(Beginning of Data for review)
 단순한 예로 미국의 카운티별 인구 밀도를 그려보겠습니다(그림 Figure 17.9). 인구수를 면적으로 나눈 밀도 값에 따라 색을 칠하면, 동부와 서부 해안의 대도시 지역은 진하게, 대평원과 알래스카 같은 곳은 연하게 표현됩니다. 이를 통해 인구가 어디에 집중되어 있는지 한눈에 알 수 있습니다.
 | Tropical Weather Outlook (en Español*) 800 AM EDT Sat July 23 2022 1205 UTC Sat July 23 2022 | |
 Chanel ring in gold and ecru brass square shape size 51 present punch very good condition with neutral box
(End of Data for review)
(Beginning of Data for review)
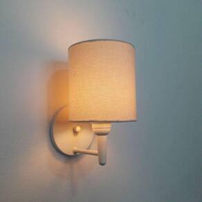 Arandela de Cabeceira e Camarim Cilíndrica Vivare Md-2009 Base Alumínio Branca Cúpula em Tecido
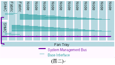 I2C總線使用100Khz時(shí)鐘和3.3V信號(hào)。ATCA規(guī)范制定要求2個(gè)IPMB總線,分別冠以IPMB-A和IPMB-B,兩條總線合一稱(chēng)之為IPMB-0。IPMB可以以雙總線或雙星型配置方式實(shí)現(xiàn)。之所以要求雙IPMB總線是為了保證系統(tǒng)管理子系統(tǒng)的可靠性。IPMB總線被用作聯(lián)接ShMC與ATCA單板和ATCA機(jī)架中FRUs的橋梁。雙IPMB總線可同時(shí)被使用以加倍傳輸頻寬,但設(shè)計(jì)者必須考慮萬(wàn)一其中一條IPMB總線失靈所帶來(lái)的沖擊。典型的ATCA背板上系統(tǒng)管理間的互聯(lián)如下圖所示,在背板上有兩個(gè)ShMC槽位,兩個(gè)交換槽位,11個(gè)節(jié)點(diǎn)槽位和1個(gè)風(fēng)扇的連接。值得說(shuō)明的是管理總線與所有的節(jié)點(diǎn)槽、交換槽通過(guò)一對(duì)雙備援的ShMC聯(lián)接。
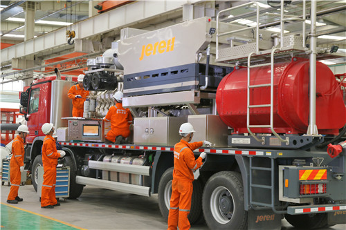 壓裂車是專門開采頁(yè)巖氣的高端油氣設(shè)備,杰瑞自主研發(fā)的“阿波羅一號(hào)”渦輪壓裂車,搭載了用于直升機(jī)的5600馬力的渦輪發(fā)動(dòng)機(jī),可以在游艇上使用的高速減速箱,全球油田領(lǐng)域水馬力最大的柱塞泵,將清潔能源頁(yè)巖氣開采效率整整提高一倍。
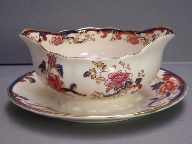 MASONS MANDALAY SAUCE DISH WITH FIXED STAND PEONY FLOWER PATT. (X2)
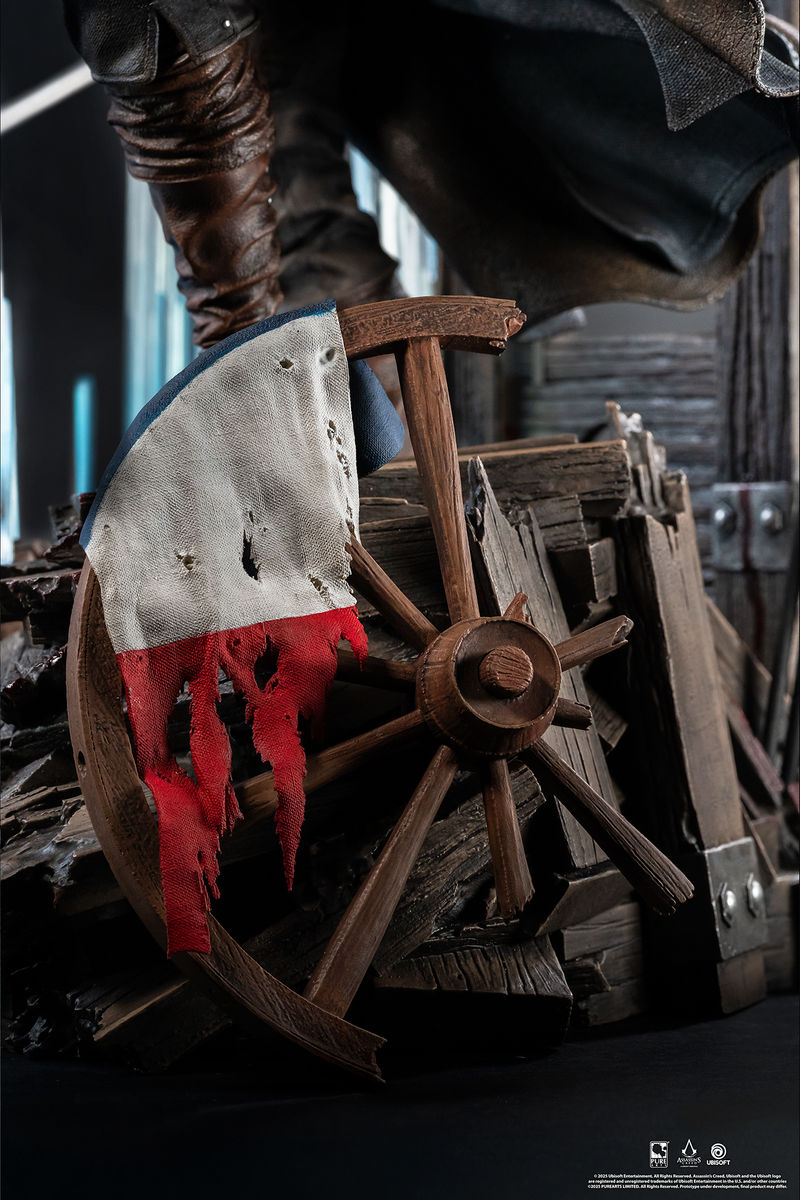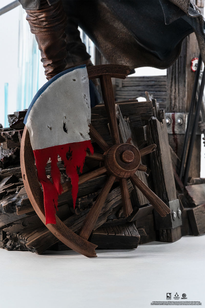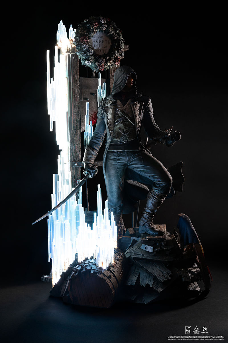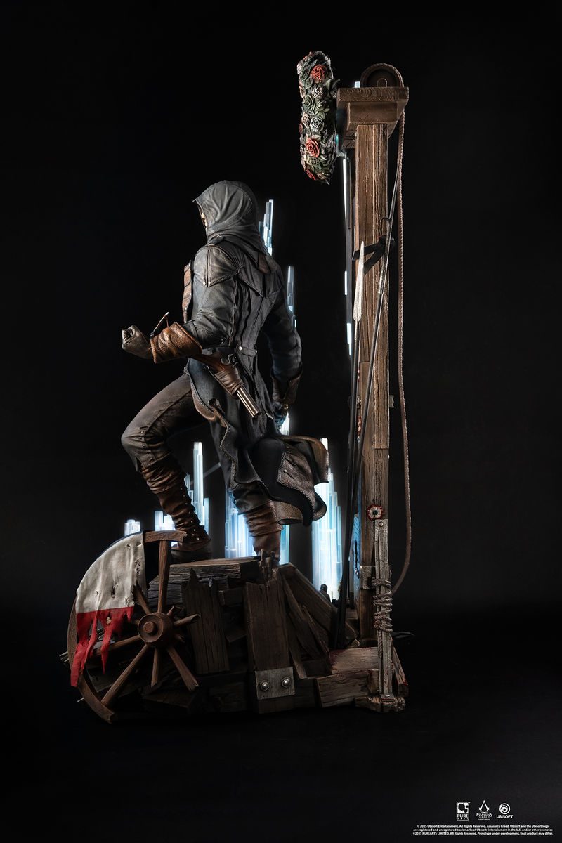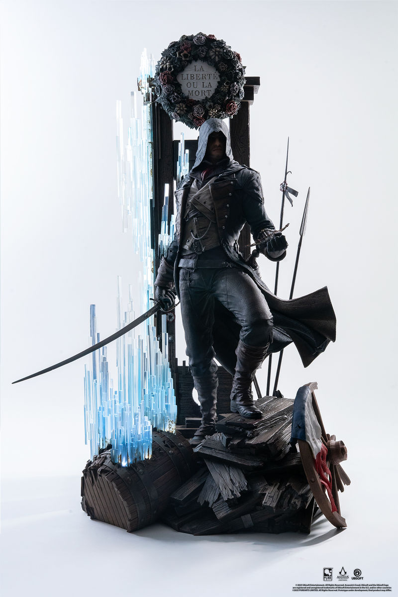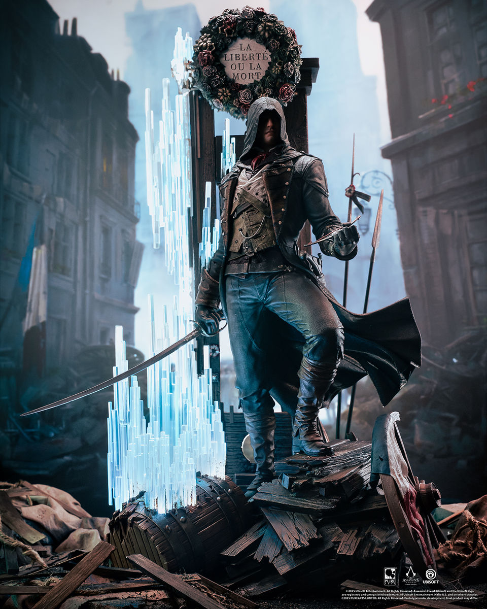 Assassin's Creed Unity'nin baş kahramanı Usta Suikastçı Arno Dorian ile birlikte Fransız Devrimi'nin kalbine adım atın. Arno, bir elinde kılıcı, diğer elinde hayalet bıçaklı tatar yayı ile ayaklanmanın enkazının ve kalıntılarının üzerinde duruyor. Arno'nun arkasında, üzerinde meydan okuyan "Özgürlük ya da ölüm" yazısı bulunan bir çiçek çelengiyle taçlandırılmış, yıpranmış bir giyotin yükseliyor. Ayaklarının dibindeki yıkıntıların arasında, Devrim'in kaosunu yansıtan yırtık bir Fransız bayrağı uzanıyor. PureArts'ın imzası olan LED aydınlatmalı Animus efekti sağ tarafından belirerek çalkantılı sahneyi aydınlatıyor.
(End of Data for review)
## [Description of the task]
From the entries above, write out only the lines starting at the line that holds "단순한 예로 미국의 카운티별" and ending at the line that holds "Chanel ring in", keeping both and matching them exactly.

## [Exercise response]
 단순한 예로 미국의 카운티별 인구 밀도를 그려보겠습니다(그림 Figure 17.9). 인구수를 면적으로 나눈 밀도 값에 따라 색을 칠하면, 동부와 서부 해안의 대도시 지역은 진하게, 대평원과 알래스카 같은 곳은 연하게 표현됩니다. 이를 통해 인구가 어디에 집중되어 있는지 한눈에 알 수 있습니다.
 | Tropical Weather Outlook (en Español*) 800 AM EDT Sat July 23 2022 1205 UTC Sat July 23 2022 | |
 Chanel ring in gold and ecru brass square shape size 51 present punch very good condition with neutral box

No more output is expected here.